From 71783c2257f786e9110c4c571e6c422cdcda3a8e Mon Sep 17 00:00:00 2001
From: davidmezzetti <561939+davidmezzetti@users.noreply.github.com>
Date: Thu, 7 Oct 2021 11:51:43 -0400
Subject: [PATCH] Batch extractor context queries, closes #120

---
 src/python/txtai/pipeline/extractor.py | 24 +++++++++++++-----------
 1 file changed, 13 insertions(+), 11 deletions(-)

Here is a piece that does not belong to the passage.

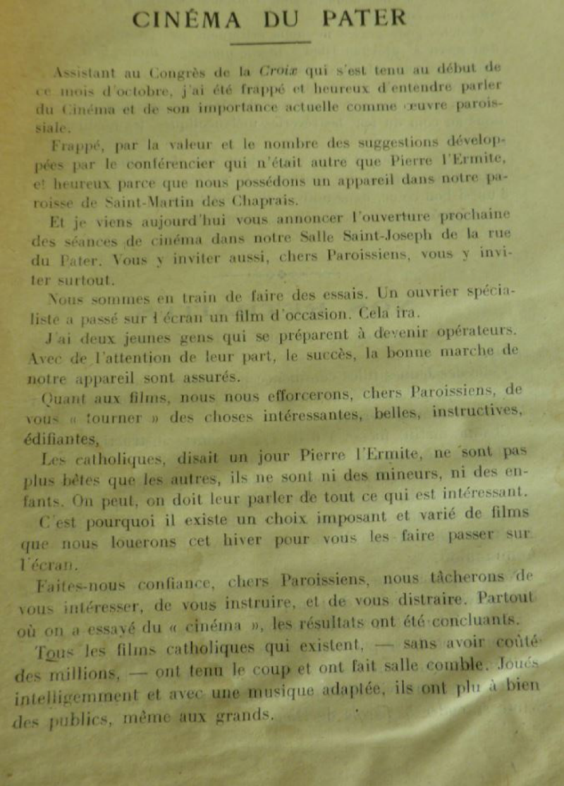 Dès octobre 1927, le curé Cretin qui revient d’un congrès de La Croix, annonce dans le bulletin paroissial qu’il lance le cinéma dans la salle Saint-Joseph de la rue du Pater. Cinéma qui détrônera bientôt le théâtre.

diff --git a/src/python/txtai/pipeline/extractor.py b/src/python/txtai/pipeline/extractor.py
index 8e06ae925..9cde17a3d 100644
--- a/src/python/txtai/pipeline/extractor.py
+++ b/src/python/txtai/pipeline/extractor.py
@@ -86,6 +86,9 @@ def query(self, queries, texts):
             list of (id, text, score)
         """
 
+        if not queries:
+            return []
+
         # Tokenize text
         segments, tokenlist = [], []
         for text in texts:
@@ -97,25 +100,24 @@ def query(self, queries, texts):
         # Add index id to segments to preserver ordering after filters
         segments = list(enumerate(segments))
 
+        # Run batch queries for performance purposes
+        if isinstance(self.similarity, Similarity):
+            # Get list of (id, score) - sorted by highest score per query
+            scores = self.similarity(queries, [t for _, t in segments])
+        else:
+            # Assume this is an embeddings instance, tokenize and run similarity queries
+            scores = self.similarity.batchsimilarity([self.tokenizer.tokenize(x) for x in queries], tokenlist)
+
         # Build question-context pairs
         results = []
-        for query in queries:
+        for i, query in enumerate(queries):
             # Get list of required and prohibited tokens
             must = [token.strip("+") for token in query.split() if token.startswith("+") and len(token) > 1]
             mnot = [token.strip("-") for token in query.split() if token.startswith("-") and len(token) > 1]
 
             # List of matches
             matches = []
-
-            # Get list of (id, score) - sorted by highest score
-            if isinstance(self.similarity, Similarity):
-                scores = self.similarity(query, [t for _, t in segments])
-            else:
-                # Assume this is an embeddings instance, tokenize and run similarity query
-                query = self.tokenizer.tokenize(query)
-                scores = self.similarity.similarity(query, tokenlist)
-
-            for x, score in scores:
+            for x, score in scores[i]:
                 # Get segment text
                 text = segments[x][1]